Your task = State how many lines of the records contain the string "المتطوعين", and give no other information.

***** Data extracts *****

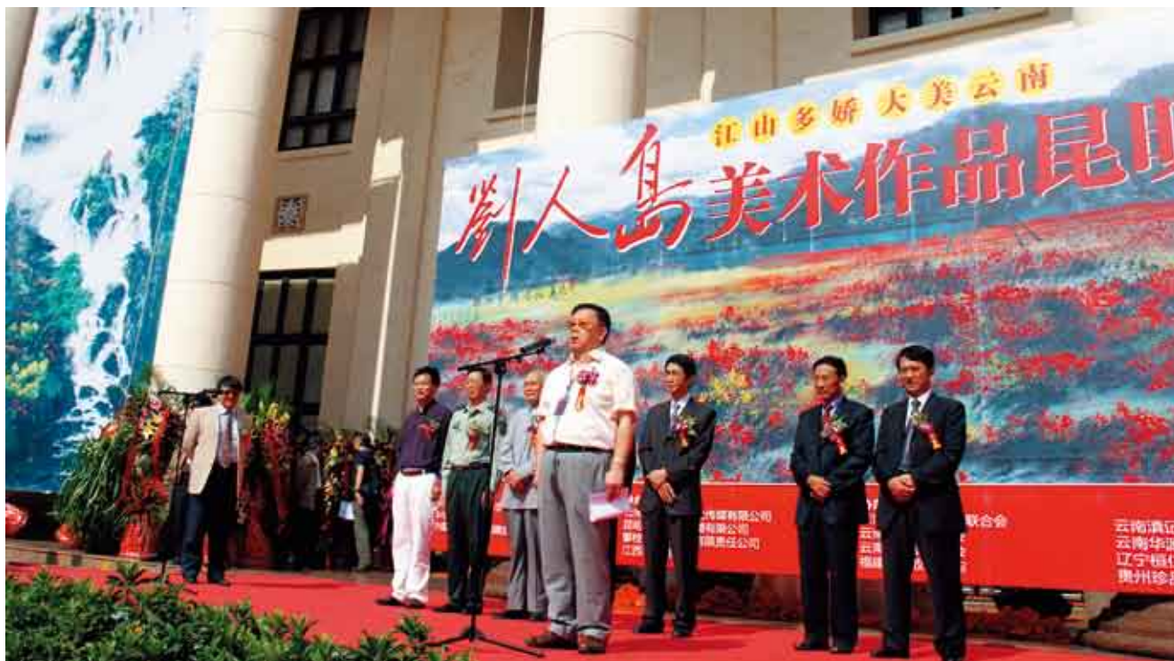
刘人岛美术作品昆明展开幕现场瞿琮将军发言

*****
***** Data extracts *****

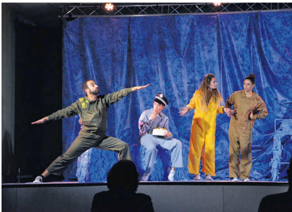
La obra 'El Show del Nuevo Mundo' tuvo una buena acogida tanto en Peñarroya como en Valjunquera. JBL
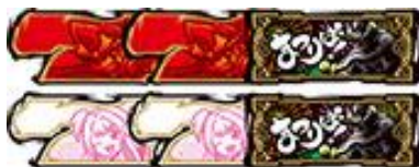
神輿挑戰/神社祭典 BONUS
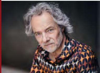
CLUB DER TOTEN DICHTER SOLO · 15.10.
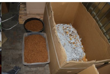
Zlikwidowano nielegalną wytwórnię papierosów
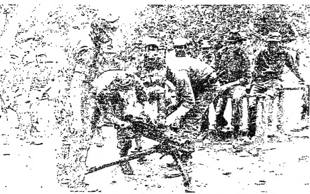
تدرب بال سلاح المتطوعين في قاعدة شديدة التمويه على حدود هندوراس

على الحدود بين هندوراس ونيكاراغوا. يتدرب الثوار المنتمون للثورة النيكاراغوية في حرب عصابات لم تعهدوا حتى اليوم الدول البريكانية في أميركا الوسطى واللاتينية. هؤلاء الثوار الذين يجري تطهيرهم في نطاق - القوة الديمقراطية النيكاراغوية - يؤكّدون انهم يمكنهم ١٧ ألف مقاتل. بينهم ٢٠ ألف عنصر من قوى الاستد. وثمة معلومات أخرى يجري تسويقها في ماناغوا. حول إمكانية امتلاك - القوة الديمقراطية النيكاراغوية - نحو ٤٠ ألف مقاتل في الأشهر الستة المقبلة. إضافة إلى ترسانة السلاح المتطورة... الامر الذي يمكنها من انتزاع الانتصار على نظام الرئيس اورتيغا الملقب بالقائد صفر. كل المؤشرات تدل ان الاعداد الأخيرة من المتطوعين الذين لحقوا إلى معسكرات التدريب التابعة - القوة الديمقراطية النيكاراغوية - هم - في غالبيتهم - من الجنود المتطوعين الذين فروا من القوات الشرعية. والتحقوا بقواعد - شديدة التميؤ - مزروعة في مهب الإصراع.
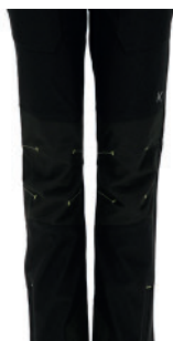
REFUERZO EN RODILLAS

*****

Written solution = 2